FAQ #1: “If L3Harris leaves Northampton, won’t we lose the tax revenue?”
Answer:
No. Northampton would not lose commercial property tax revenue if L3Harris left.
Commercial property taxes in Massachusetts are based on the assessed value of the real estate itself - the land and the building - not the business operating inside it.
That means:
A building is taxed the same amount regardless of who occupies it - L3Harris, a clean-tech firm, a life science company, a startup incubator, or anything else.
If the property is sold or leased to a new tenant, the tax bill stays the same unless a renovation changes the assessed value.
If the building is temporarily vacant, the owner still pays the full tax bill.

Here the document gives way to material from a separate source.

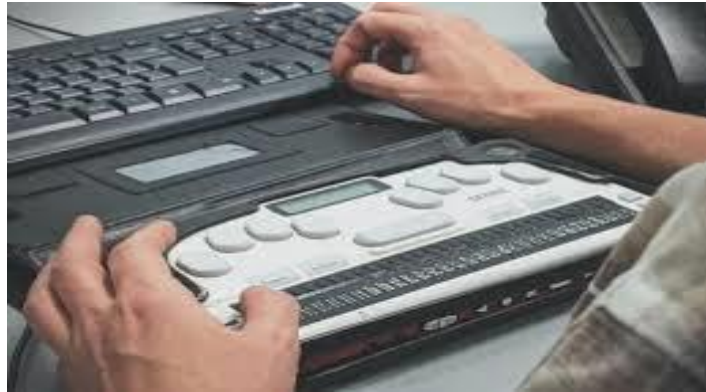
الصورة رقم 02 لوحة مفاتيح برايل

The only scenario where revenue is lost is if the property is legally abandoned and removed from the tax roll - which will not happen at a high-value advanced manufacturing site in downtown Northampton, especially one located near five world-class colleges and universities.
In short:
The tax revenue comes from the building, not the defense contractor.

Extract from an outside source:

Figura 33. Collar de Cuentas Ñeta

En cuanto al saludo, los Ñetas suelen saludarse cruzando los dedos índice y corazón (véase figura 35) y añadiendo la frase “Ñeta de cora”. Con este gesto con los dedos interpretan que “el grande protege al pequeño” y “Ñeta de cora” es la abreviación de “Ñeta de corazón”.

The revenue stays. The risk does not.
FAQ #2: “If L3Harris leaves Northampton, won’t we lose the jobs?”
Answer:
No. The jobs do not disappear - they relocate.

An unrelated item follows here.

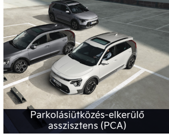
Parkolásiútközés-elkerülő asszisztens (PCA)

If L3Harris moves its nuclear weapons systems related work out of a residential neighborhood, the positions shift to a more appropriate, secure military or naval location. They do not evaporate from the regional economy.
Here’s why:
L3Harris is not shutting down the program.
The photonics mast / submarine imaging work is under long-term Navy contract obligations. The work continues - it just needs to be done in a location suitable for defense manufacturing.Jobs tied to federal weapons systems follow the program, not the building.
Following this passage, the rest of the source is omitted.